I remember reading your introduction post and you said you’re into fencing. I’m sure you would enjoy HeO if you ever decide to use it.

Did my first loop of Hero 2 days ago.

I was sitting on a mountain alone at night and did 6 min.

I started to respect myself and my Surroundings immediately more, I let some paranoia go (Alone in the woods with animals) I saw myself as a steel Samurai cutting through every thread.
Then it dawned on me that I need to defend myself from everyone who has bad intentions towards me, I saw how my abusive father Was the reason I rarely stepped up for myself and it is the reason I let people treat me badly, also I somehow pull myself out of a sick Jesus like state that let others harm me because I thought it doesn’t hurt me. But it does hurt me and it hurts my self respect.

So immediately I watched on YouTube the basic striking techniques and did 5 min of amateur striking to get used to it. I noticed that I don’t want to hurt people and I lack destructive power, immediately snapped out of it and telling myself : if I truly respect myself then use power, it’s ok, it’s self respect to defend my life.

Then I meditated

A hour later I walked down the mountain and when I saw people I had a straight posture, feeling strong internaly. I searched for this feeling my whole life. I realized that it is sufficient to be strong internaly, no need for violence.

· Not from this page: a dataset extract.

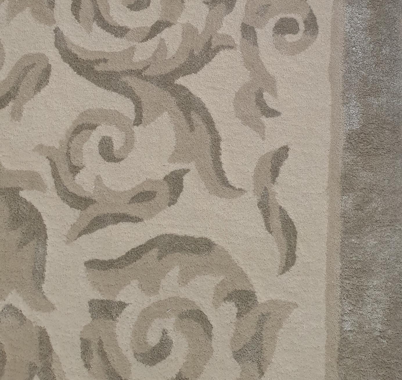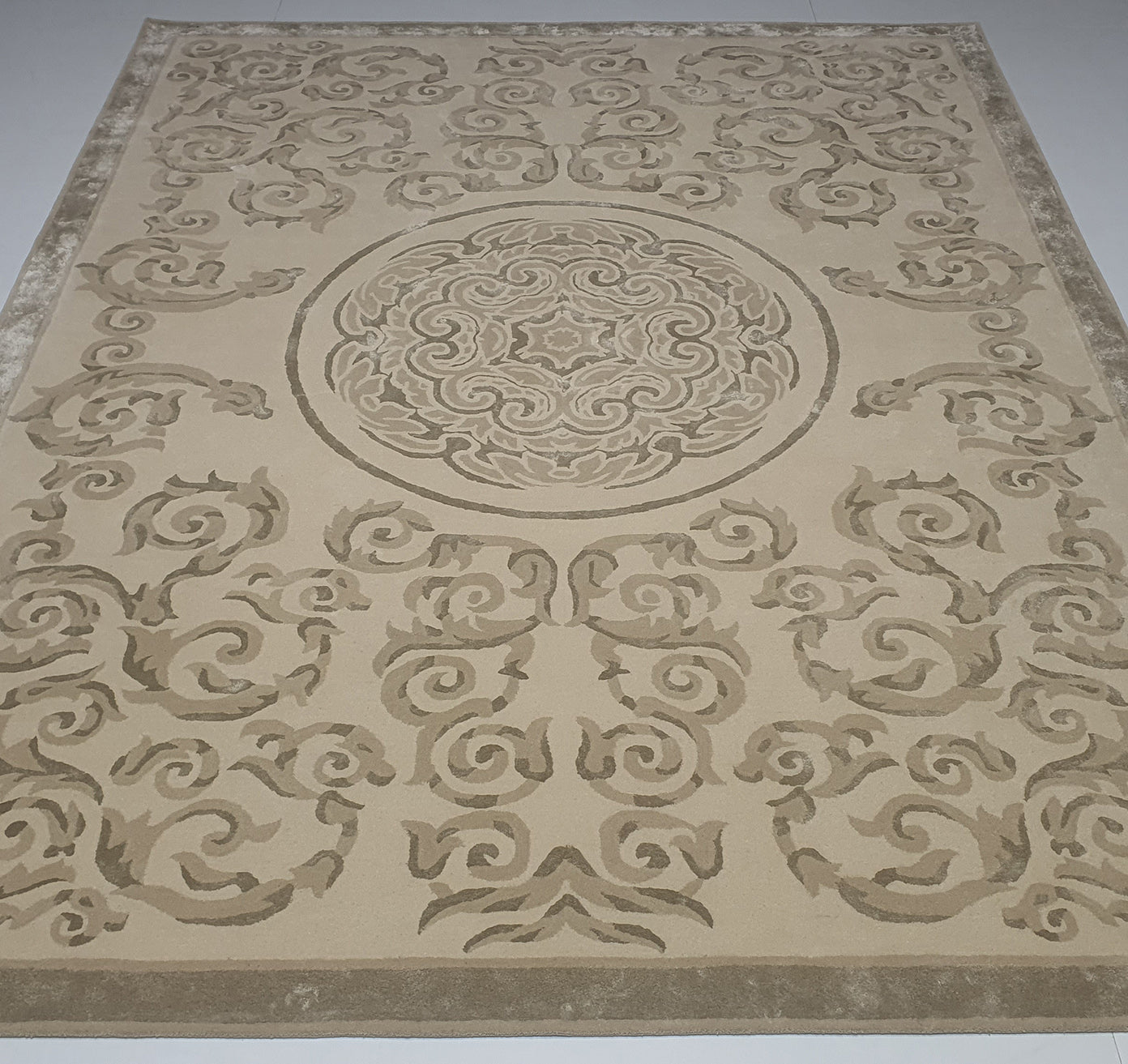 With ornate scrollwork and a detailed center medallion, this rectangular rug brings a refined, classic look in soft beige, dove grey, and charcoal accents. The raised pattern adds depth and a gentle sheen, while the border frames the design neatly for a finished feel. Made as a handtufted rug using wool, viscose, and cotton, it offers a comfortable, cushioned surface with clear texture. Use it to ground a seating area or add structure to a calm, neutral space. This traditional medallion rug pairs well with wood, metal, and upholstered furniture, and the balanced tones make it an easy grey area rug for everyday styling.

At home I start to watch samurai anime to see if I can learn something and then I felt asleep. 3 hours later I woke up, I realized that I am in a contracted sleeping position. I asked : what dose this position says about me? The answer was Protection from the world. I told myself : I am here to protect myself,
Immediately I laid flat on my back for the first time in my life and slept in only to wake up again and felt that I don’t like the taste in my mouth so i brush my teeth. I stood up knowing that brushing my teeth is self respect and after brushing my teeth I went strait to bed again.

:joy:

The next day was something I never expirienced in my life.Douring the first couple of hours it felt as I was growing tall and mighty in a positive way, it felt like I am the father I never had. I even started to work out and correct my bad posture with specific exercises. It dawned on me that it’s exciting to master a craft or multiple crafts and it never ends progressing. So I saw a couple of things I am gona do for me when I am back home. With a newborn confidence I left the apartment and jumped into life.

It was a great day.

Today I stood up and searched for meaning in my life and started to meditate on it until I found a couple of ways. Then imeadiatly cleaned my apartment and make my stuff ready for leaving Grecce.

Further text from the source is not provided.